もう少しといった、そのあやふやな時間の長さは保科に任せる。次に抜けていこうとしたら、腕は解いてやる。それは暗黙の了解だ。
そのまま寝入ってしまえばいいのに、と思うのに測っていたかのように保科は腕を抜けていく。
ベッドの脇で身支度する保科を横目で見ながら、新田はバスローブをはおり、ベッドの縁に腰掛けた。
「じゃあ、また、明日」
保科はテーブルの上に置いていたパソコンを抱えると、振り返る。
「無理するなよ。時間がないなら、ちゃんと言えよ」
「分かってるよ。大丈夫」
そう言いながら、保科は笑顔を見せる。
こんな生活が満足なわけはないのに。愚痴も言わなければ、弱音も吐かない。これから家に帰って仕事をするのかもしれない。ちゃんと寝ているのだろうかと気 になりながらも、思うことしかできない。訊いたところで、ちゃんと寝てるよとか大丈夫だよという言葉しか返ってこないことは分かっていた。
自分が誘ったのだという罪悪感を、たぶんあいつはずっと持ち続けているだろう。それをどうしてやることもできない。

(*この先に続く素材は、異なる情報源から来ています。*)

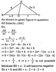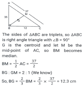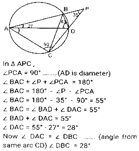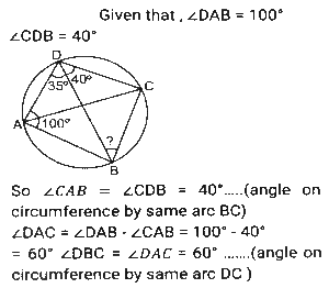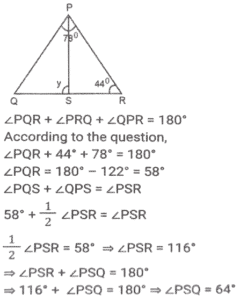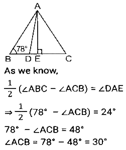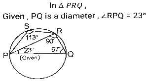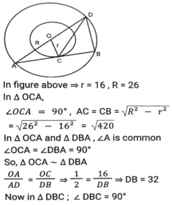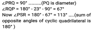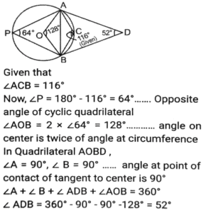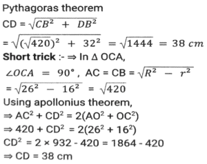 Geometry (Part-12)Total Questions: 5011. AB is a chord in the minor segment of a circle with centre O. C is a point between A and B on the minor arc AB. The tangents of the circle at A and B meet at the point D. If ∠ACB = 116° Then the measure of ∠ADB is: [SSC CGL 20/04/2022 (Afternoon)](a) 64°(b) 48°(c) 56°(d) 52°Correct Answer: (d) 52°Solution:12. PQRS is a cyclic quadrilateral and PQ is a diameter of the circle. If ∠RPQ = 23°, then what is the measure of ∠PSR? [SSC CGL 20/04/2022 (Evening)](a) 113°(b) 157°(c) 147°(d) 123°Correct Answer: (a) 113°Solution:13. A circle is circumscribed on a quadrilateral ABCD, If ∠DAB = 100°, ∠ADB = 35° and ∠CDB = 40°, then find the measure of ∠DBC. [SSC CGL 20/04/2022(Evening)](a) 35°(b) 60°(c) 45°(d) 40°Correct Answer: (b) 60°Solution:14. The radii of two concentric circles with center O are 26 cm and 16 cm. Chord AB of the larger circle is tangent to the smaller circle at C and AD is a diameter. What is the Length of a CD? [SSC CGL 21/04/2022(Morning)](a) 42(b) 36(c) 35(d) 38Correct Answer: (d) 38Solution:15. In ΔABC, the perpendiculars drawn from A, B and C meet the opposite sides at points D,E and F respectively, AD, BE and CF intersect at point P. If ∠EPD = 110° and the bisectors of ∠A and ∠B meet at point Q, then ∠AQB = ? [SSC CGL 21/04/2022 (Afternoon)](a) 115°(b) 110°(c) 135°(d) 125°Correct Answer: (d) 125°Solution:16. In the following figure, AD bisects angle BAC. Find the length (in cm) of BD? [SSC CGL 21/04/2022 (Afternoon)](a) 4(b) 5(c) 9(d) 6Correct Answer: (a) 4Solution:17. AB and CD are two chords in a circle O and AD is the diameter. when produced, AB and CD meet at the point P, If ∠DAP = 27º, ∠APD = 35º then what is the measures (in degrees) of ∠DBC ? [SSC CGL 21/04/2022 (Afternoon)](a) 28(b) 26(c) 30(d) 32Correct Answer: (a) 28Solution:18. In ∆PQR, S is a point on the side QR such that ∠QPS = 1/2 ∠PSR ∠QPR = 78° and ∠PRS = 44º. What is the measure of ∠PSQ ? [SSC CGL Tier II (29/01/2022)](a) 56°(b) 64°(c) 58°(d) 68°Correct Answer: (b) 64°Solution:19. G is the centroid of a triangle ABC, whose sides AB = 35cm, BC = 12 cm, and AC = 37cm. The length of BG (in cm) is (correct to one decimal place): [SSC CGL Tier II (29/01/2022)](a) 12.3(b) 12.9(c) 17.5(d) 11.7Correct Answer: (a) 12.3Solution:20. In ∆ABC, ∠B = 78 deg AD is a bisector of ∠A meeting BC at D, and AE⊥BC at E. If ∠DAE = 24º then the measure of ∠ACB is: [SSC CGL Tier II (29/01/2022)](a) 32°(b) 38°(c) 30°(d) 42°Correct Answer: (c) 30°Solution:Submit Quiz« Previous12345Next »

保科が家を出ていった後で、新田は雄太の部屋を覗いた。
顔を覗き込むと、雄太は安らかな顔で寝ていた。前髪を払うと、ん、と雄太は小さな声をもらす。
「とう、ちゃん?」
雄太が目をこすりながら言う。
「ごめん。起こしちゃったか」
子供の扱いはどうも苦手だ。
「ゆうにいは?」
雄太は周りを見回すようにした。
「帰ったよ」
残念だけど――それはこころの中で呟いておく。
「明日、また向かえにきてくれる?」
「ああ、そう言っていた」
それでなくちゃ、困る。
「よかった」
雄太は本当に安心したように目を閉じた。自分だけでなく、こいつにとっても保科は必要なのだと思うと切なく感じて雄太の頭をくしゃっとなでた。
「ずっといっしょにいられたらいいのに――――」
眠り落ちる寸前なのだろう、雄太の言葉はそのまま寝息になっていく。
「いつか、な」
いつかそんな日がくればいい。新田は今はそう願うしかできなかった。